21 Mart Nevruz Bayramı, Türklerin Ergenekon Destanı’na dayanan, demirden dağları eriterek yeniden doğuşunu, baharın gelişini ve doğanın uyanışını simgeleyen köklü bir gelenektir. Doğu Türkistan’dan Balkanlar’a kadar tüm Türk toplulukları tarafından MÖ 8. yüzyıldan bu yana her yıl 21 Mart’ta kutlanmaktadır.
Türkiye’de geleneksel olarak kutlanan Nevruz, 1995 yılından itibaren resmî bayram olarak kabul edilmiştir. Aynı zamanda Nevruz’un içinde bulunduğu hafta, “Türk Dünyası ve Toplulukları Haftası” olarak kutlanmaktadır.
Türk Kültüründe Nevruz’un Yeri
Türk takvimine göre 21 Mart, yılbaşı olarak kabul edilir ve bu özel gün “Yılgayak” olarak adlandırılır. On İki Hayvanlı Türk Takvimi ve Celali Takvimi’nde de yeni yılın başlangıcı olarak kabul edilen Nevruz, Divânu Lügati’t-Türk’te de ilkbaharın gelişi olarak belirtilmiştir.

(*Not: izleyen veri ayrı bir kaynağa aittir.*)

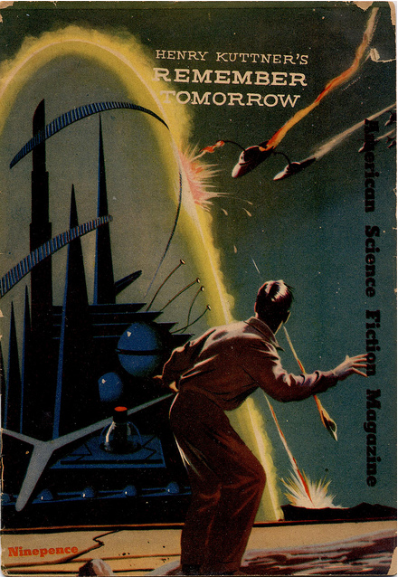 (Ley Kenyon’s cover for the 1953 edition of Adventures in Tomorrow (1951), ed. Kendell F. Crossen)
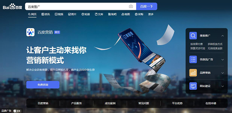 百度推广让企业注册有针对性“产品关键字”(即企业产品或服务的具体名称),使企业产品网页出现在相应搜索结果最靠前的位置,让真正对企业产品感兴趣的潜在客户直接了解产品或服务信息,更容易达成交易!
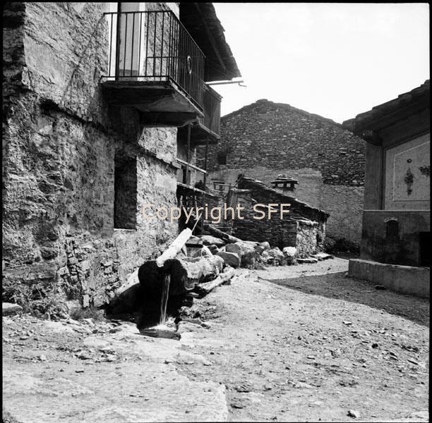 Fontana con vasca scavata nel tronco in Borgata Bertines a Casteldelfino
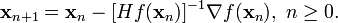 上面讨论的是2维情况,高维情况的牛顿迭代公式是:
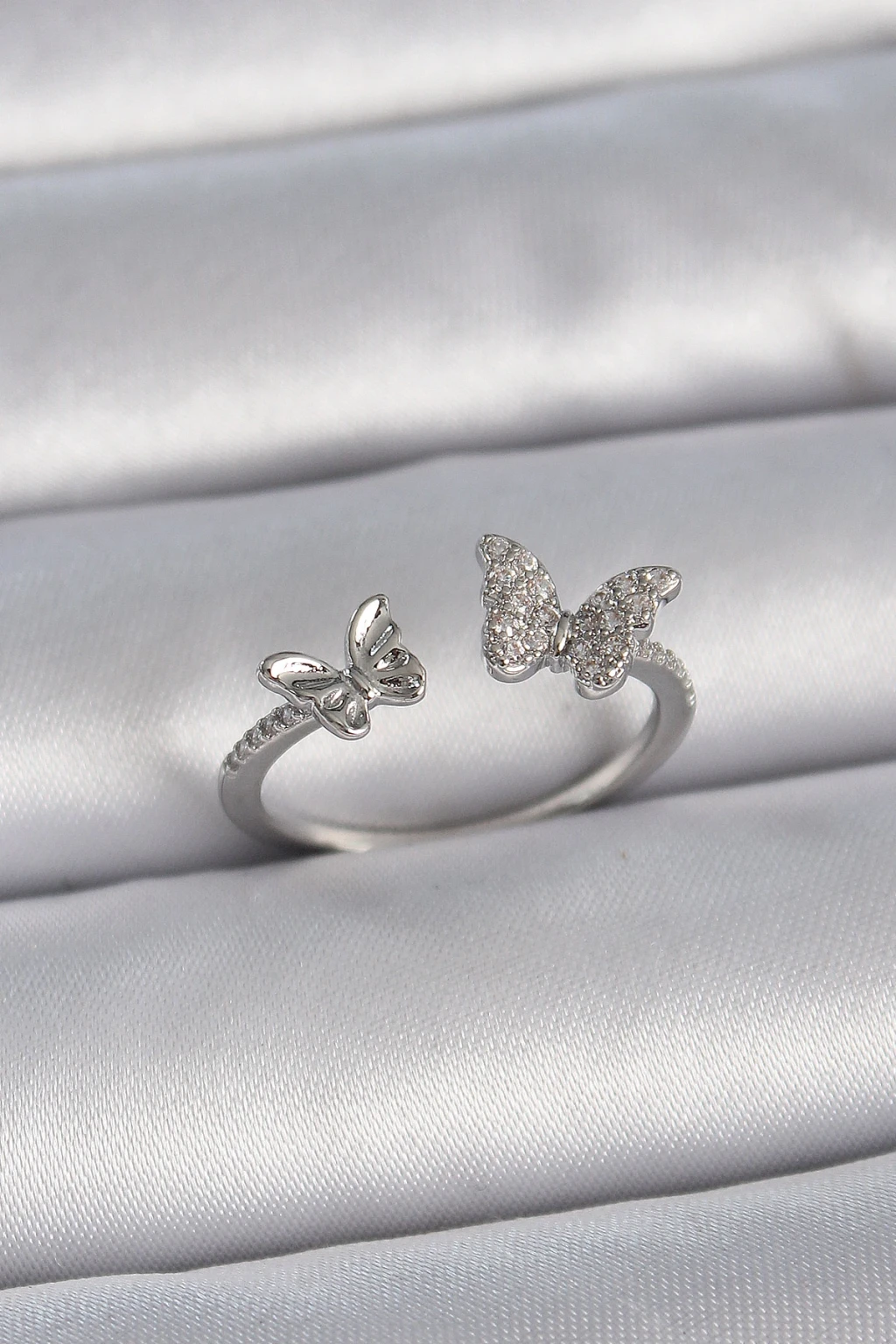Pirinç Gümüş Renk Ayarlanabilir Zirkon Taşlı Kelebek Model Kadın Yüzük - TJ-BYK3375

Nevruz, Selçuklu ve Osmanlı dönemlerinde de millî bayram olarak kutlanmış, şiirlere ve sanat eserlerine konu olmuştur. Osmanlı’da Nevruziye adlı macunlar hazırlanarak şenliklerle kutlanan bu bayram, günümüzde Manisa’da düzenlenen Mesir Macunu Şenlikleri ile yaşatılmaya devam etmektedir.

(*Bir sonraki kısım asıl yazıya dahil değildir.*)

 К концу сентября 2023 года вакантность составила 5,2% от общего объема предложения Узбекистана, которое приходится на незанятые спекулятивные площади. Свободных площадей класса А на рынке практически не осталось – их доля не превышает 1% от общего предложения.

Alevi ve Bektaşi kültürlerinde “Mart Dokuzu” olarak anılan Nevruz, özel ayinlerle kutlanırken, Zerdüştler ve Yezidiler de 21 Mart’ı baharın ilk günü ve bayram olarak kabul etmektedir.
Geçmişten günümüze Türk milletinin birlik, beraberlik ve yeniden doğuşunu simgeleyen Nevruz, tarih boyunca pek çok devletin kültüründe önemli bir yer edinmiştir. Anadolu beylikleri, Selçuklular, Osmanlılar, Safaviler ve Moğollar bu bayramı büyük şenliklerle kutlamış, geleneği günümüze taşımıştır.
Bugün de Türk dünyasının dört bir yanında büyük bir coşku ve heyecanla kutlanan Nevruz, milli kimliğin, doğayla uyumun ve toplumsal dayanışmanın simgesi olarak yaşatılmaya devam etmektedir.